Uwagi dotyczące produktu
1. W tym produkcie zastosowano nowy typ polimerazy DNA typu hot-start, którą można aktywować w ciągu 1–5 minut. Ponieważ bufor reakcyjny został zoptymalizowany, jest bardziej odpowiedni do ilościowej reakcji PCR z podwójną lub wielokrotną fluorescencją przy użyciu metody sondy.
2. Jeżeli wartość Rn amplifikacji PCR jest zbyt niska lub amplifikacja jest wyraźnie zahamowana, zmniejszenie ilości próbki, zwiększenie objętości reakcji lub wcześniejsze rozcieńczenie próbki może poprawić wyniki.
3. Pobieranie krwi, śliny, moczu, wymazu z gardła itp. powinno odbywać się zgodnie z wymogami kryteriów klinicznych, a można użyć świeżej próbki, aby zapobiec degradacji kwasu nukleinowego.

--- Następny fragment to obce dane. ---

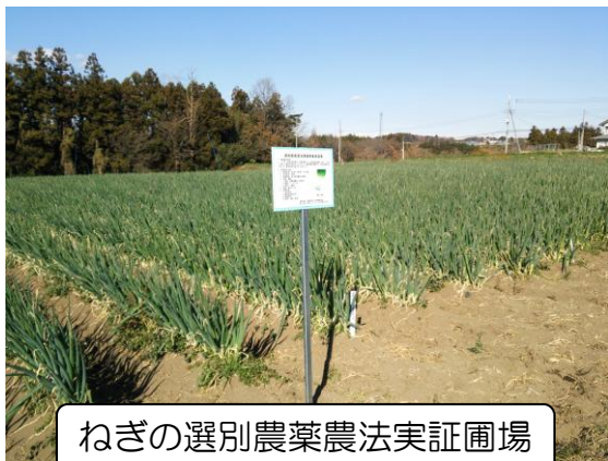
ねぎの選別農薬農法実証圃場

4. Ponieważ różne amplikony mają różną skuteczność wykorzystania dUTP i wrażliwość na UNG, odczynniki należy zoptymalizować, jeśli czułość wykrywania zmniejsza się w przypadku stosowania systemu UNG.W razie potrzeby skontaktuj się z nami, aby uzyskać pomoc techniczną.

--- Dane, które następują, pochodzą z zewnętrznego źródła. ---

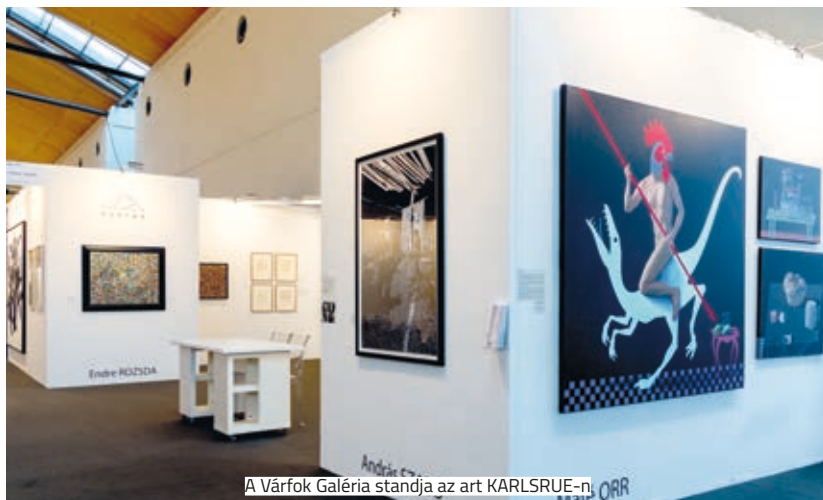
A Várfok Galéria standja az art KARLSRUHE-n

Forgács Péter munkája tavaly novemberben a LOOP Barcelona videófesztiválon kapta meg a fődíjat, idén pedig Haász István munkáit válogatták be a madridi Galeria Odalys Universo Madí című csoportos tárlatára. A mintegy 50 művész alkotásait felvonultató, február 23-án megnyílt nemzetközi kiállítás a kortárs absztrakt geometrikus művészet meghatározó irányzata, a Madímozgalom koncepcióját és jelenét mutatja be.

5. Aby uniknąć amplifikacji produktów PCR przeniesionych pomiędzy reakcjami jednoetapowymi, do amplifikacji wymagane jest wydzielone miejsce doświadczalne i pipeta.Używaj rękawiczek i często je zmieniaj. Nie otwieraj probówki reakcyjnej po amplifikacji PCR.